GIVEN RECORDS:
....................

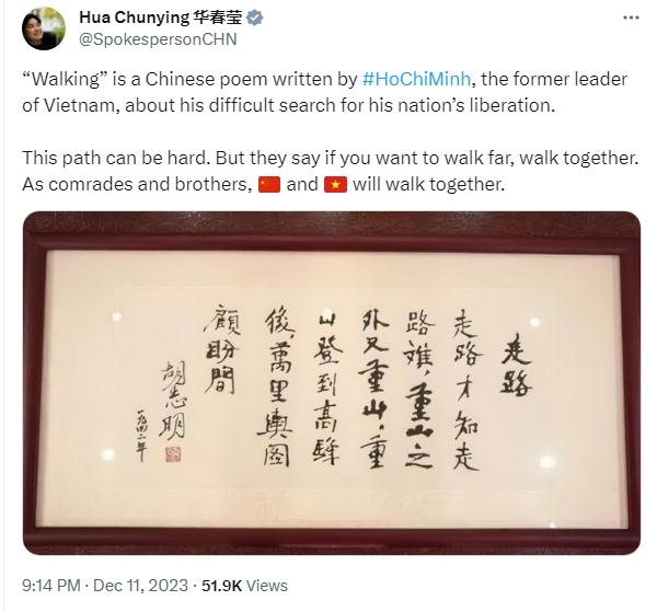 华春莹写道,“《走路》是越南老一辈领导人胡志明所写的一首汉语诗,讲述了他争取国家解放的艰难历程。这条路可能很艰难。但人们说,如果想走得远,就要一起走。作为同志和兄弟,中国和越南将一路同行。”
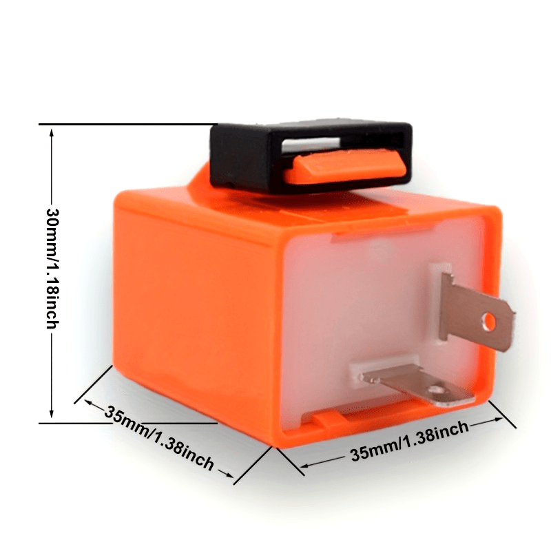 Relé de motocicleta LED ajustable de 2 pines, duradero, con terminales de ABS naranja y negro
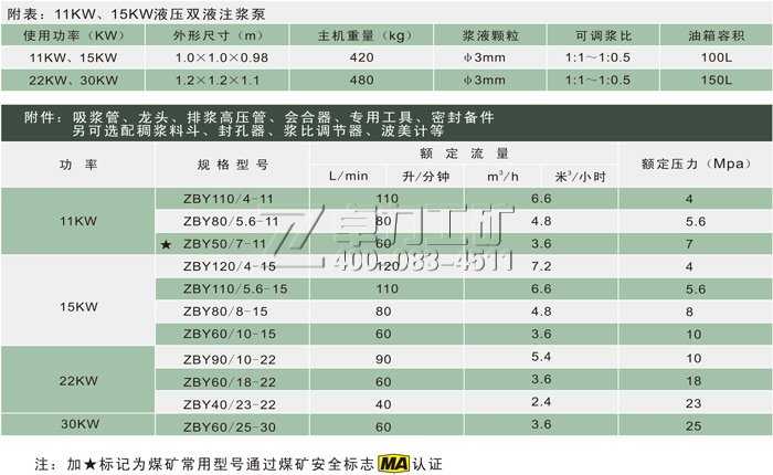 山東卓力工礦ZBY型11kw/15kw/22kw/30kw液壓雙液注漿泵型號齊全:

....................

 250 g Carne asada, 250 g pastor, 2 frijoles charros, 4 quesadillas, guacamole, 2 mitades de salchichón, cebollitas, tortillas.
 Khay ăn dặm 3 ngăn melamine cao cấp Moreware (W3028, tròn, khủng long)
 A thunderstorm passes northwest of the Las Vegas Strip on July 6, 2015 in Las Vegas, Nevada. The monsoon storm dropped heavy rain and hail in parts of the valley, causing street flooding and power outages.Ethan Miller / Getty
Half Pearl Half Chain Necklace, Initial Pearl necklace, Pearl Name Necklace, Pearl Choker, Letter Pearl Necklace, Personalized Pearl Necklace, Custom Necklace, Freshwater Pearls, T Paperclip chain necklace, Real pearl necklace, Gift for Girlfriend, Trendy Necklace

....................

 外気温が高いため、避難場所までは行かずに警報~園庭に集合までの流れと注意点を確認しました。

....................

WHAT THE TASK ASKS: Your answer must be the lines above from the one containing "250 g Carne" to the one containing "Khay ăn dặm", both included, restated word for word.

REPLY TO THE EXERCISE:
 250 g Carne asada, 250 g pastor, 2 frijoles charros, 4 quesadillas, guacamole, 2 mitades de salchichón, cebollitas, tortillas.
 Khay ăn dặm 3 ngăn melamine cao cấp Moreware (W3028, tròn, khủng long)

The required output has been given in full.